Requested Ablation Studies:

Reviewers requested additional ablation studies. We include them here.

3a. Mamba Initialization:

Default random initialization versus Linear Projection from Attention. (Trained using the same recipe).

Model	MMLU	ARC-C	TruthfulQA	HellaSwag	MT-Bench	AlpacaEval LC win against GPT-4
Hybrid Mamba (50%) w/o Attention init	26.21	25.26	34.01	27.91	1.04	0.02
Hybrid Mamba (50%)	47.98	49.15	46.67	75.07	6.69	14.11

These results confirm that the initialization from attention weights is critical.
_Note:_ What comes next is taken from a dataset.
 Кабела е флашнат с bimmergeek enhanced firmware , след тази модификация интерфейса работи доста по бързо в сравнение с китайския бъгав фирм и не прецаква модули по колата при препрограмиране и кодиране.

3b. Necessity of Mamba layers:

Mamba blocks versus only keeping subset of attention. (Same training procedure)

Model	MMLU	ARC-C	TruthfulQA	HellaSwag	MT-Bench	AlpacaEval LC win against GPT-4
50% Attention w/o Mamba Block	24.46	21.93	32.39	27.91	1.01	0
50% Attention w Mamba Block	47.98	49.15	46.67	75.07	6.69	14.11

These results confirm that adding Mamba layers is critical and the performance is not just compensated by the remaining attention layers.

Optimized speculative decoding implementation for Mamba. This is achieved by fusing the kernels that perform the recomputation of previous states from the cache, with the kernels that perform the decoding of the next sequence of draft tokens. This is done both for the convolutional part and for the SSM part of the Mamba block. Additionally, we now include results for Mamba 7B, for which we train a Llama-3, 4-layer, 1B parameters speculator.
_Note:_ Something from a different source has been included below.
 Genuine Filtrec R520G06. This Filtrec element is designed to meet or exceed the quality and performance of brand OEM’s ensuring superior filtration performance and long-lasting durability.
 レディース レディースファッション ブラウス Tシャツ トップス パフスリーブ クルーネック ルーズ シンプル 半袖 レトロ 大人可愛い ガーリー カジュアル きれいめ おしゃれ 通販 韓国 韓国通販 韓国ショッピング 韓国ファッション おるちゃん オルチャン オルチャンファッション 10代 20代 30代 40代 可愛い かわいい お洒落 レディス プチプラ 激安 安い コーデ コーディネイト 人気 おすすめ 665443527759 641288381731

Table 1: Speedup on Mamba 7B

k Value	# Gen tokens	Speedup
k=3	3.19	2.1x
k=4	3.56	2.1x

Table 2: Speedup on Mamba 2.8B (Optimized vs. Old Results)
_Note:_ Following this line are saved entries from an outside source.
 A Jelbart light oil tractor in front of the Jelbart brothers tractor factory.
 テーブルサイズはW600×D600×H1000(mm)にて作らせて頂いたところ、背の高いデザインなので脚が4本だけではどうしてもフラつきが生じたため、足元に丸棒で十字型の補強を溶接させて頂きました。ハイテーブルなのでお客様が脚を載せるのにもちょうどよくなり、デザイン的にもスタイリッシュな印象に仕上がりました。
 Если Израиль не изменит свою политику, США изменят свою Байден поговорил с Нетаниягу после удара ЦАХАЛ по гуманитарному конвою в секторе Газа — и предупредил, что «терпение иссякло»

k Value	Speedup (Optimized)	Speedup (Old)
k=3	2.3x	1.49x
k=4	2.6x	1.56x

最终决定Accept (poster)

2024-09-25

Reviewers all agreed that the initial version of the paper had inadequate experimentation, and some found the exposition inadequate. It is clear from the revised version however that these deficiencies have been largely corrected, and although the reviewer scores remain numerically low, the revised paper will be a valuable contribution to the conference.